Scrapping Presidential Press Website

The scrapping process takes advantage of the URL structure https://prensa.presidencia.cl/discursos.aspx by using the Rcrawler library 1 and Rvest 2. The speeches tab "discursos" contains 97 pages (at the time I did this). Each of these pages has at most 6 links to speeches, so 582 separate pages containing one speech each one. If we access a particular page we notice that each one of them has a URL pattern followed by a number https://prensa.presidencia.cl/discurso.aspx?id=135058. This pattern is used to identify speech pages from Rcrawler output.

Scraping text is straightforward with Rvest. I created a function containing three processes read_html(), html_nodes(), and html_text(). I also used the same process to retrieve other useful information, such as date and speech title.

Analysing text & structured topic modelling

The number 582 speeches scrapped are shown by monthly count as follow:

Montlhy count of presidential speeches since Piñera took office in March 2018

Year Jan Feb Mar Apr May Jun Jul Aug Sep Oct Nov Dec Total
2018 18 30 27 30 27 39 27 50 25 29 302
2019 37 22 18 20 29 22 27 25 25 23 11 12 271
2020 9
Total 46 22 36 50 56 52 54 64 52 73 36 39 582

By plotting the numer of times the Chilean president appears in public to give public speeches I found a substantial decrease after November of 2020. This is coincidental with the fact that, during this time, Chile experienced a social uprising leading the government to an all-time minimun rate of public support according to CADEM 3.
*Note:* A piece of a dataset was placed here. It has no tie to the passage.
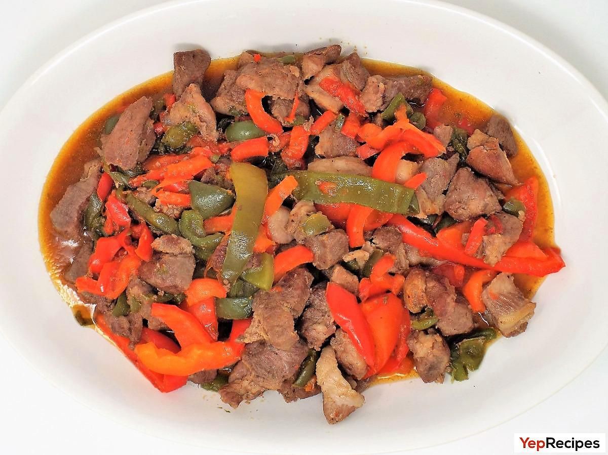 Skillet Pork and Sweet Peppers YepRecipesMay 23, 2022 20 YepRecipes.comSeared cuts of pork shoulder seasoned with salt & pepper and cooked with sliced bell peppers.1See the full directions on my site

In the second step I apply the structural topic modelling with the stm package. The stm packages allows the researcher to estimate a model using document covariates. In this case I used date to see how the proportion of topics varies across time (months). I choosed Plotly (hosted in plotly studio: Click here) to visualize topic trends over time. For instance, the topic of Security & Crime is a recurrent topic in the president's speeches. Coincidentally, this topic shows a proportion spike by the end of 2018 and 2019, when the government suffered from police brutality scandals, first for killing an unarmed indigenous civilian and then for police repression in the social upheaval.

Final Thoughts

This exercise had no other purpose but to train coding skills and apply empirical methods to text data, and more specifically, to data that should be available to all citizens. However, it is important to point out that by the end of this project, the speeches from president Piñera are no longer available in the Press website. It is possible to access only speeches for the present month, without an option to access all the past speeches.

Footnotes

  1. https://github.com/salimk/Rcrawler

  2. https://github.com/tidyverse/rvest

  3. https://www.cadem.cl/